Entonces, por su cuenta,
nuestro caballo cambió el paso. Y evidentemente ansioso por sumergirse de nuevo
en la espesura y llegar bien pronto a su meta, con amplio cabeceo exigió
libertad a las riendas e inició trote veloz sobre la muelle superficie a la vez
que atravesaba la acentuación de un fresco, mientras que las patas traseras,
más abiertas y tensas de lo habitual momentos antes para asegurarse base entre
los riesgos, se estrecharon hasta su natural, ahora, e iban a posar confiadas
sus cascos otra vez justo en el sitio hollado por las manos, sobre la raya,
invisible cada vez más, y recta, casi, del sendero que se hizo de golpe cinta
opaca al entreabrir la luna un nubarrón denso y despertar brillos de vidrio,
fulgor frío al gramillal empapado de sereno, mientras, a la diestra, emergieron
de lo negro otra vez troncos de guayacanes y guayabos, con algún sauce ya. del
agua, o sarandí, y, por la izquierda, como empujándose, chatas sombras de copas
desparejas avanzaron un trecho y se volcaron sumisas sobre el pasto.

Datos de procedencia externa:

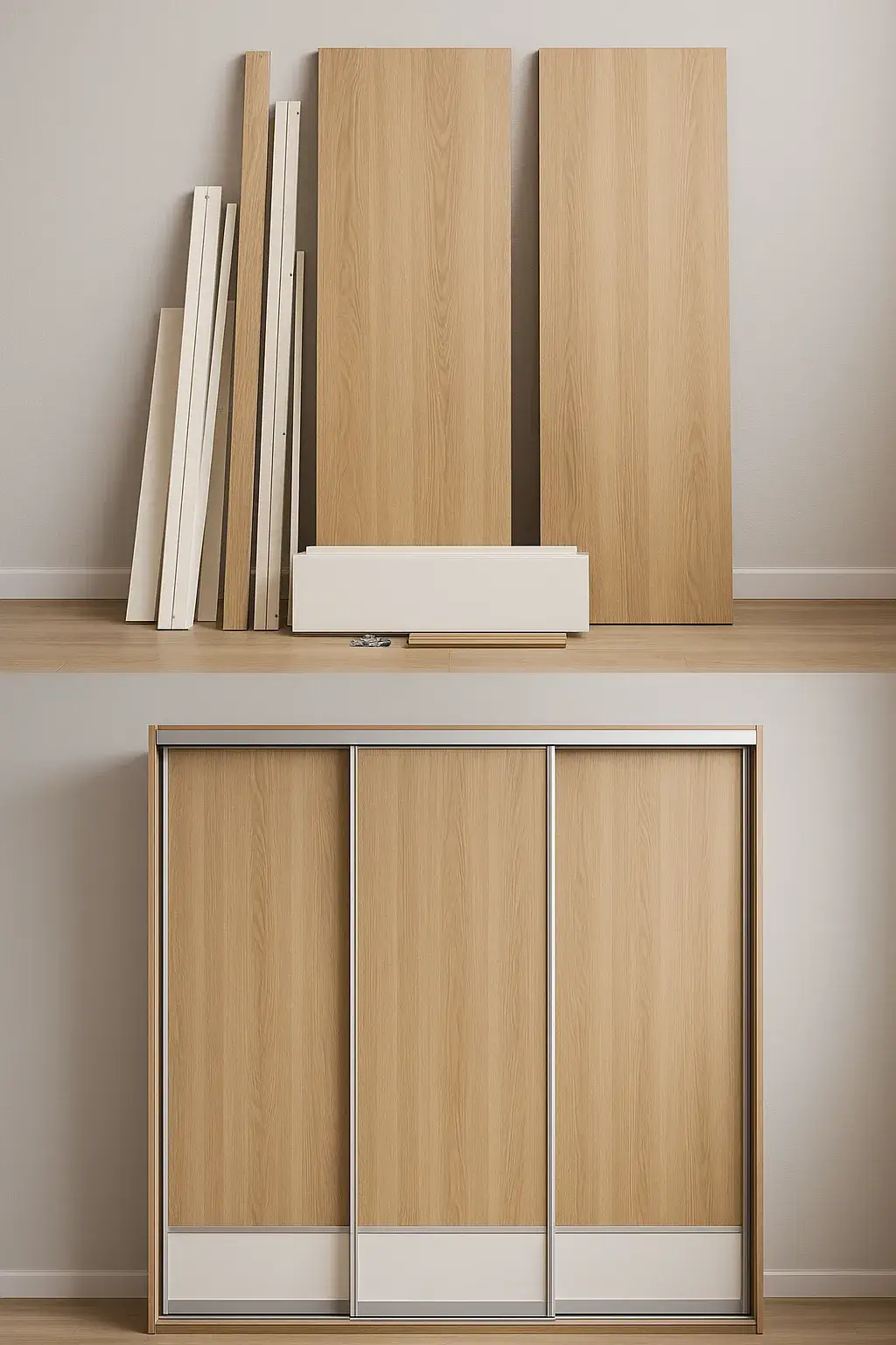 | Шкаф-купе | от 10 000 | 2,5–5 часов | Монтаж рельсов, установка дверей, регулировка роликов | Выровнять неровные стены/пол, встроенные полки |
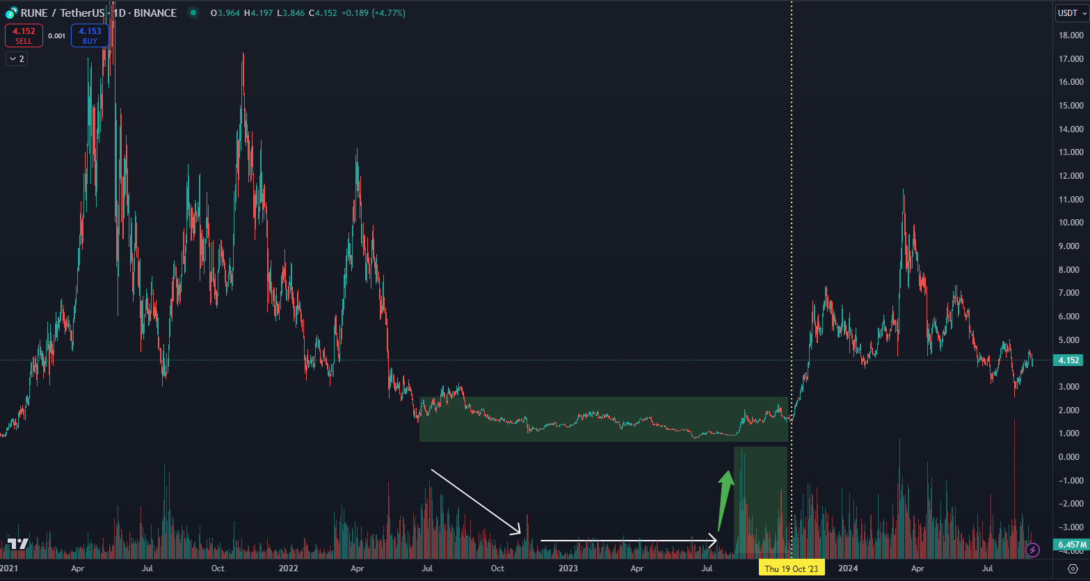 Najprv si nájdete kryptomenu, ktorej cena je už dlhé obdobie na dne a pohybuje sa bokom (zelená oblasť ceny na grafe nižšie). Táto zóna sa nazýva akumulácia. Následne hľadáte, ktorá kryptomena je v takejto fáze, a zároveň sa jej objemy sa posledné týždne rapídne zvýšili (zelená zóna na objemoch na grafe nižšie).
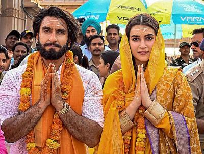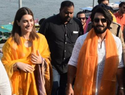 रणवीर आणि क्रिती यांनी मनीष मल्होत्रासोबत काशी विश्वनाथ मंदिरात पूजा केली. यावेळी क्रितीने पारंपारिक पिवळ्या रंगाचा ड्रेस परिधान केल्याचं दिसून आले.
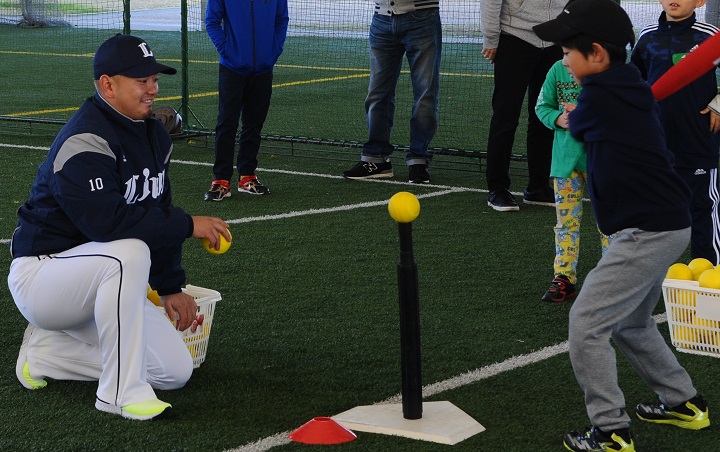 子どもたちに笑顔でティーバッティングを教える西武・森
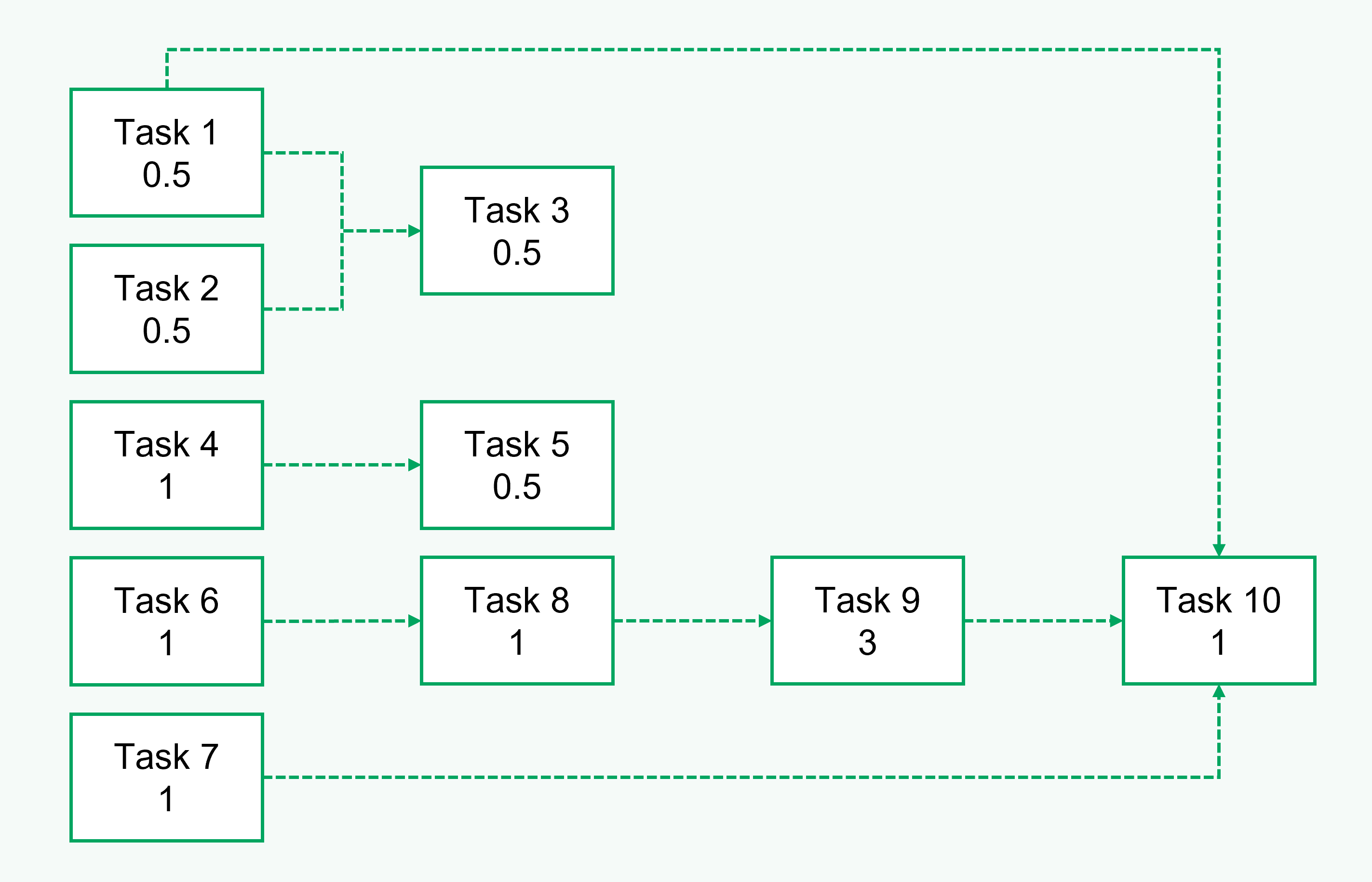 The list of dependent tasks is known as an activity sequence, which will be used to outline the critical path. Based on this, you can also recognize any work that can be done in parallel. For instance, in our case, Task 2, Task 4, Task 6, and Task 7 can run at the same time with Task 1, as they don’t rely on any previous activities.
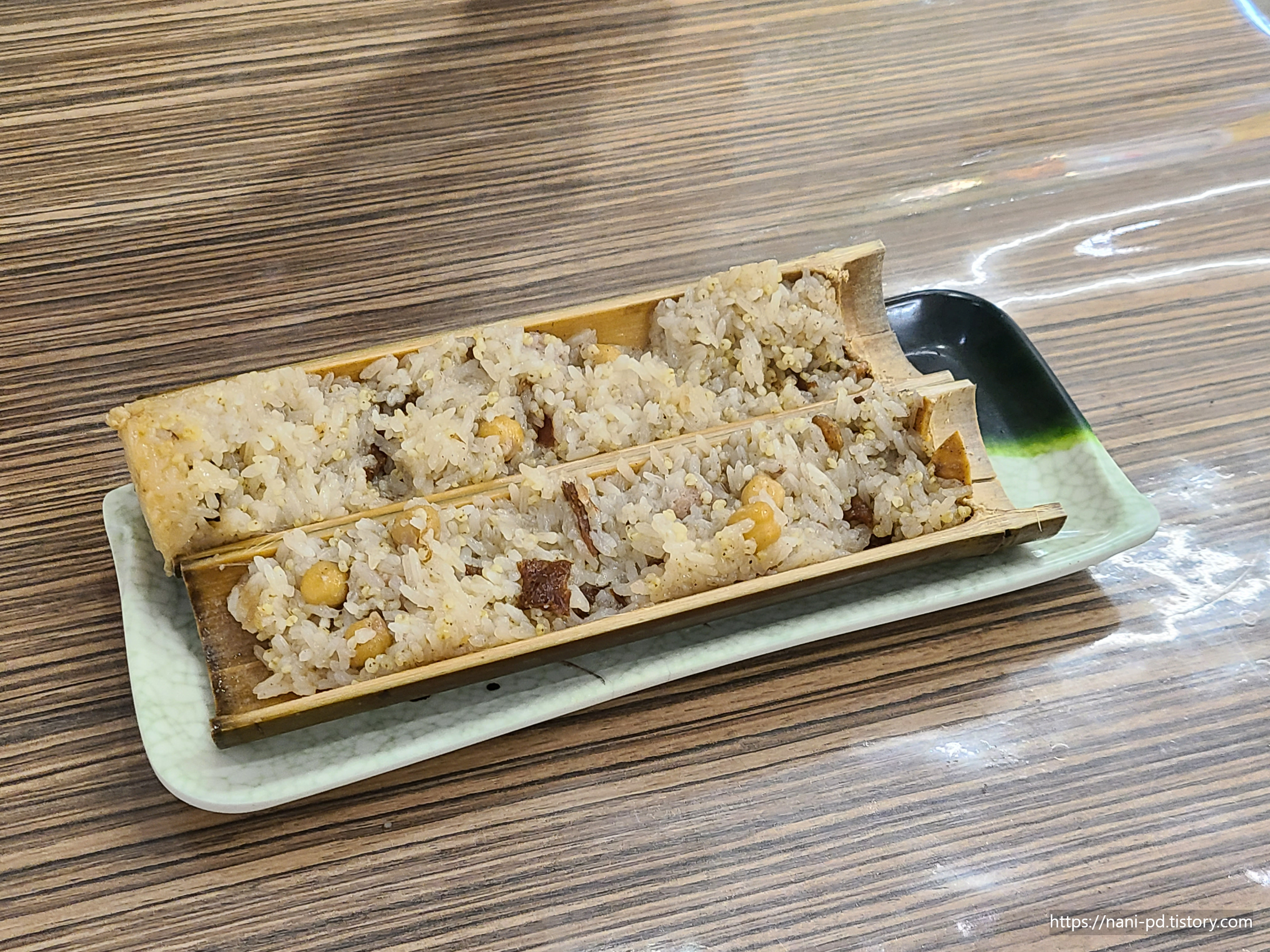 죽통밥은 우리나라의 대나무밥과 동일합니다.

No fue un
zarzal, no fue un quebracho como fierro, no, lo que clavó en el suelo la sombra
ecuestre cuando (en el momento preciso en que el bruto iba por propio arbitrio
a atemperar la marcha porque el bosque se presentaba otra vez barrera) el
jinete, de súbito, diose contra el pecho el puño de las riendas. Lo que hubo
fue que se oyó un ¡Alto! surgido entre el mugrón del límite del valle a punto
de ser traspuesto.
-¡Don Juan, soy! ¡Monte, y me sigue!